Einziger Unterschied zwischen diesem Projekt der Früherziehung und einer „normalen“ musikalischen Früherziehung ist die Fluktuation innerhalb der Gruppe. Während an der Kreismusikschule acht bis zwölf Kinder gemeinsam über den Zeitraum von zwei Jahren Musik erleben, waren von den zurzeit elf Kindern des Projektes nur sieben von Anfang an mit dabei. Neue Kinder kommen hinzu, andere ziehen um oder müssen in ihre Heimatländer zurückkehren. „Das macht es manchmal schwer, kontinuierlich mit den Kindern zu arbeiten“, erläuterte die Kursleiterin Gütermann-Cichowoski.

Landrätin Theresia Riedmaier lobte die Arbeit und das Engagement der Kreismusikschullehrerin: „Sie leisten hier eine großartige und sehr wichtige Arbeit, die sicherlich auch nicht immer einfach ist. Die Kinder hatten in diesem Jahr viel Spaß und Freude, was ebenfalls sehr wichtig ist. Ich freue mich, dass wir gemeinsam im nächsten Jahr vielleicht weitere Kurse mit dieser Förderung anbieten können, der Antrag ist bereits gestellt“.

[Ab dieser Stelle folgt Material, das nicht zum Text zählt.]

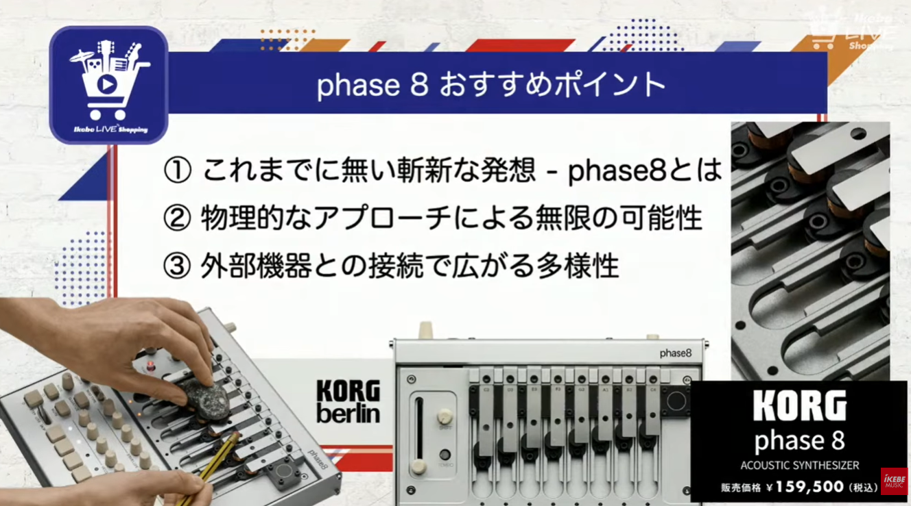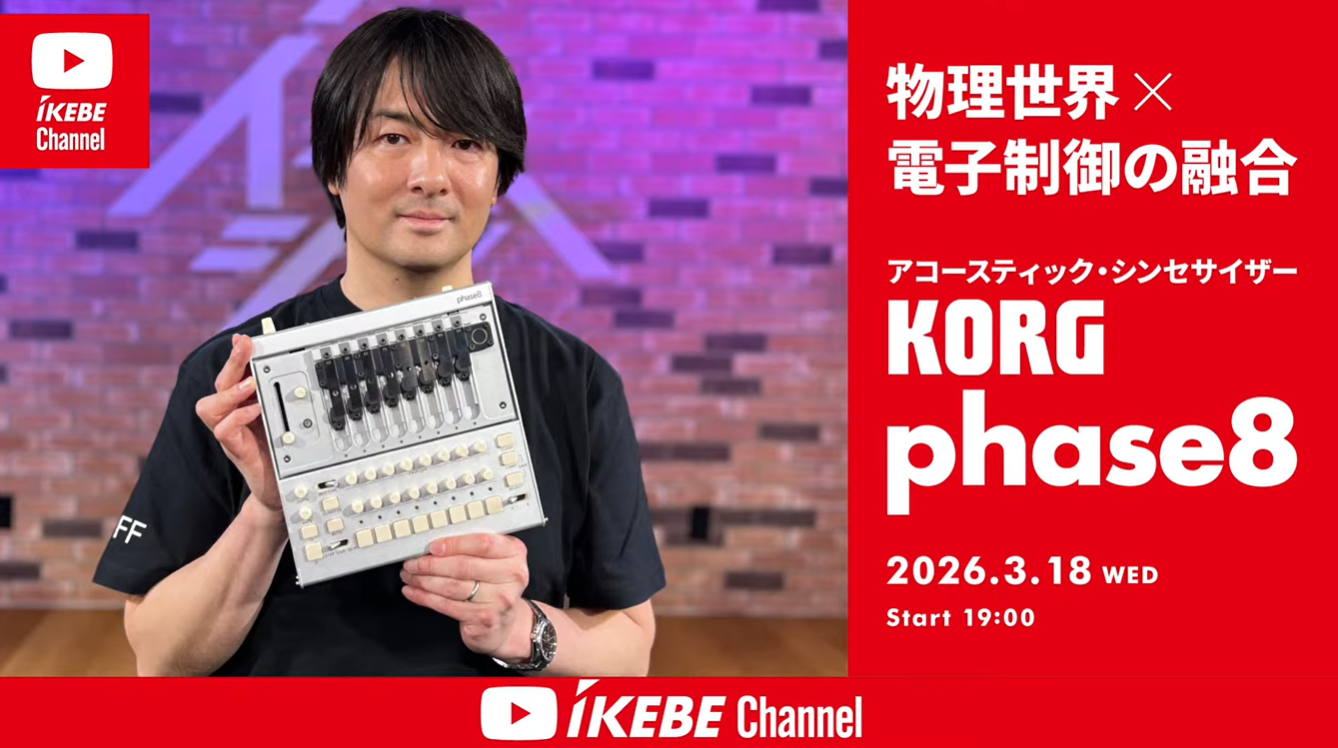 2026年3月18日にIkebe Channelにて配信された「【KORG】物理世界×電子制御の融合 アコースティック・シンセサイザー「KORG phase8」|IKEBE LIVE SHOPPING # 204【鍵盤堂】」から基礎的な使い方を一部文字起こししてご紹介致します。

Weitere Angebote des Projekts „Kultur macht stark. Bündnisse für Bildung“ sind das „Instrumentenkarussell“, in dem Kinder die Möglichkeit haben, im Laufe eines Schuljahres sechs verschiedene Instrumente kennenzulernen und zu spielen, das sowohl in Landau in der Pestalozzi-Schule als auch im Altstadtkindertreff stattfindet, sowie seit drei Jahren eine Musik-Freizeit für sozial benachteiligte und Migrantenkinder in den Ferien im Altstadtkindertreff.

Ziel des Projektes ist, dass die Kinder durch die aktive Beschäftigung mit Kunst und Kultur persönliche Wertschätzung erleben, neue Perspektiven entwickeln und wichtige Fähigkeiten für ein erfolgreiches und selbstbestimmtes Leben erlernen.